Calla gripped the balcony railing and ignored the tightness in her gut. As much as she tried, she couldn’t stop thinking of the child she’d lost. Though her body had recovered, she wasn’t sure her mind and emotions had. What warning was there?

None.

She heard a noise behind her as she stood on the balcony overlooking the Bavarian skyline from the Kempinski suite of her hotel.

Built in the city center, they’d parked the BMW near Lehel U-Bahn station. The deluxe room gave them the added security from onlookers on the lower floors. And Nash had insisted on the privacy.

Minutes from Marienplatz public square, Calla breathed in the night air as Nash advanced over to where she stood by the balcony door and drew her to him. His eyes were a mask of concern.

He was thinking about the map.

Any hidden map, digital or otherwise, spelled greed, danger and corruption. They’d been here before. Just hunting for it would leave a digital imprint somewhere, be it a website, a trace on a phone, the use of a government service satellite.

A digital footprint would remain registered on some server they could not locate. No one knew where they were, but technology could still penetrate their walls. It was what they relied on for just about anything. The risk now was more that they could share with the British government. They’d so far failed to neutralize the hacker.

She now had a name, Archimedes.

The breeze from the square caressed her cheek as Nash held her in view. “Congress have just confirmed what I’ve feared all along.”

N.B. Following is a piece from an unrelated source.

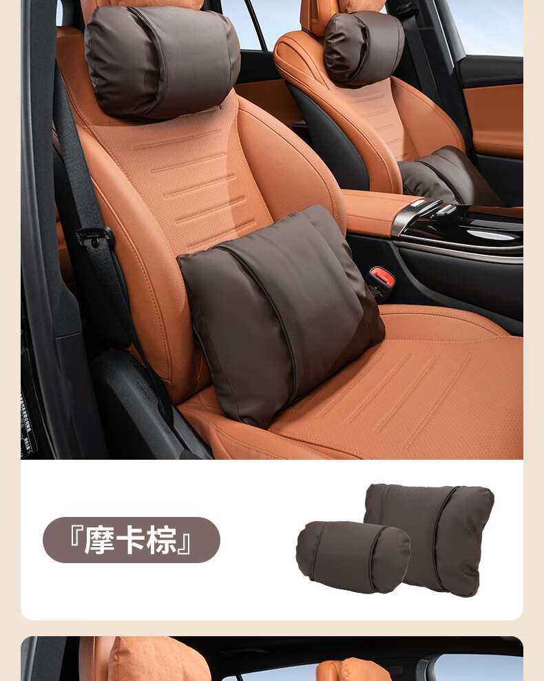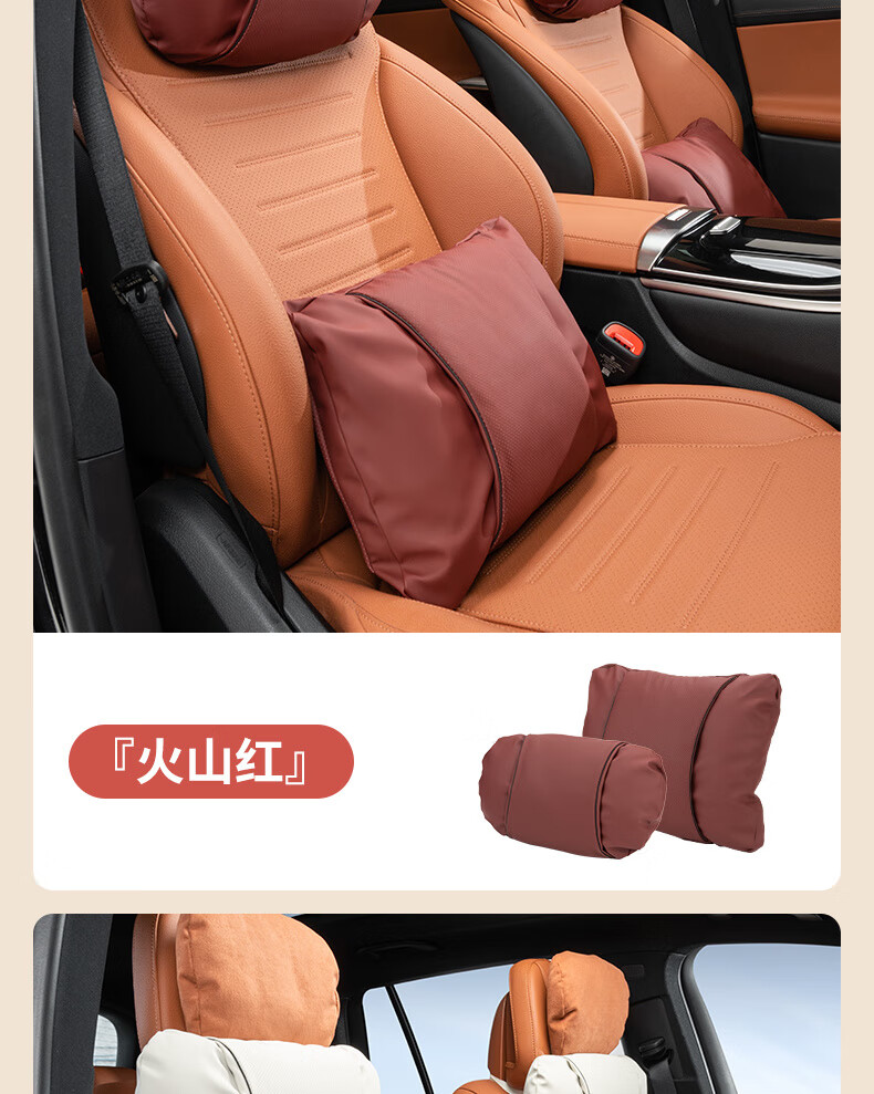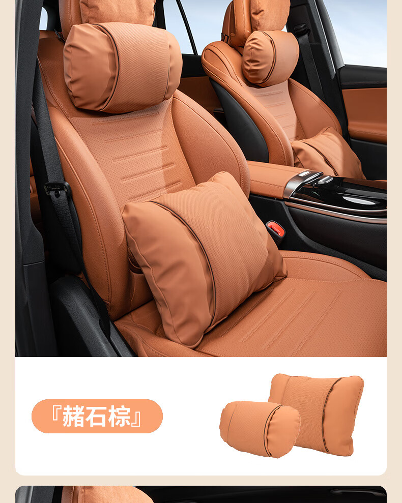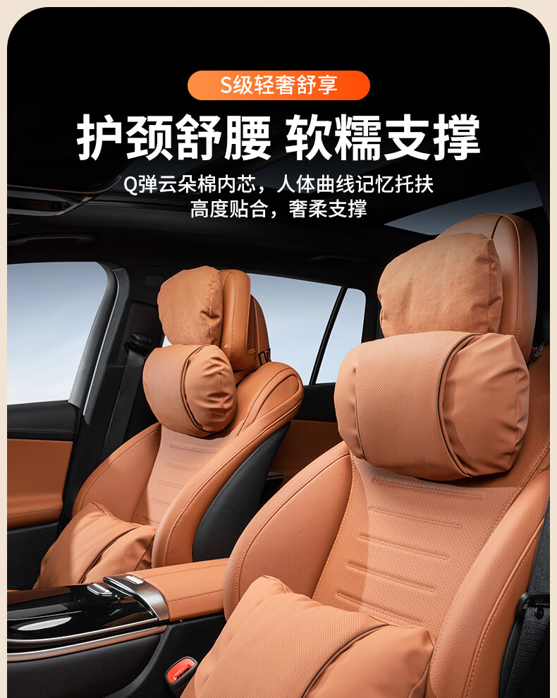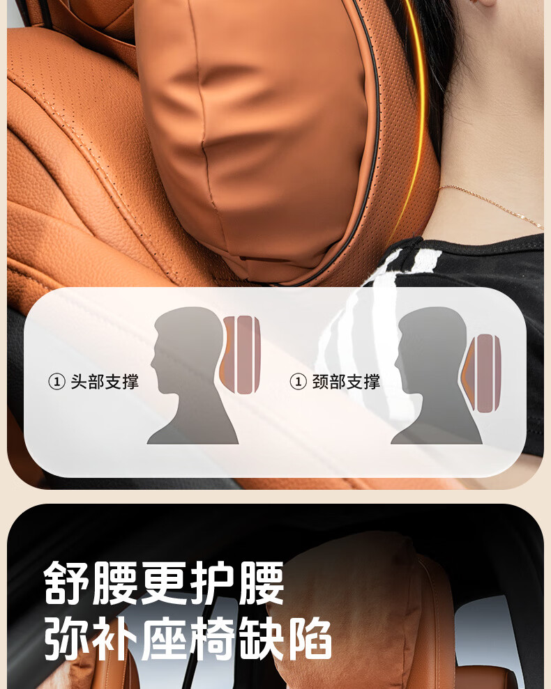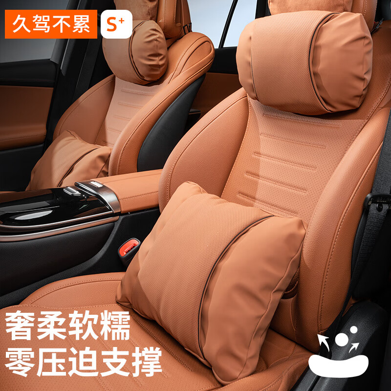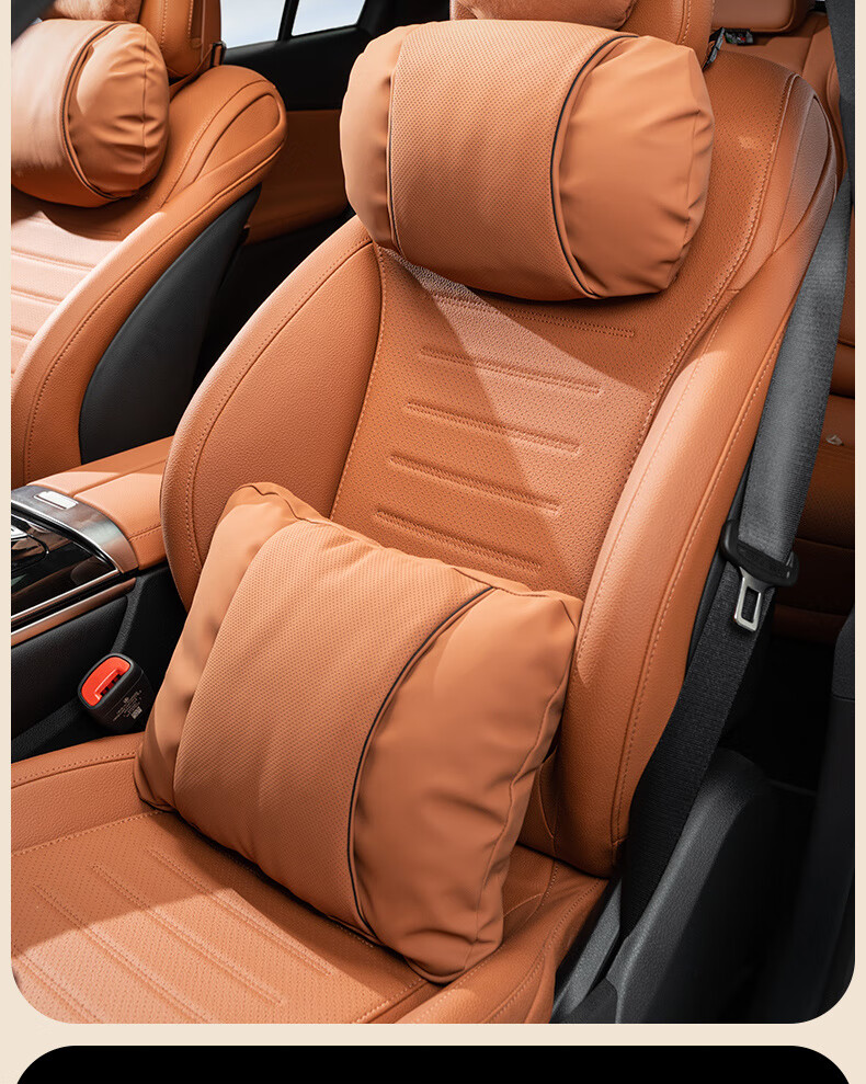 LZJV2025新款汽车头枕护颈枕奥迪奔驰大众座椅靠枕腰靠套装四季通用 优惠套餐【爱马橙(头枕+靠枕)】

Her eyes met his. “What’s that?”

“Cyber operations that change or manipulate digital data to compromise integrity are now our new enemy. Deleting or releasing the prime minister’s stolen data isn’t the biggest threat. By tomorrow a criminal could be running the UK government. That same criminal controls this digital map.”

She smiled and remembered exactly why she loved him. Nash had always put her first and they’d been through much together.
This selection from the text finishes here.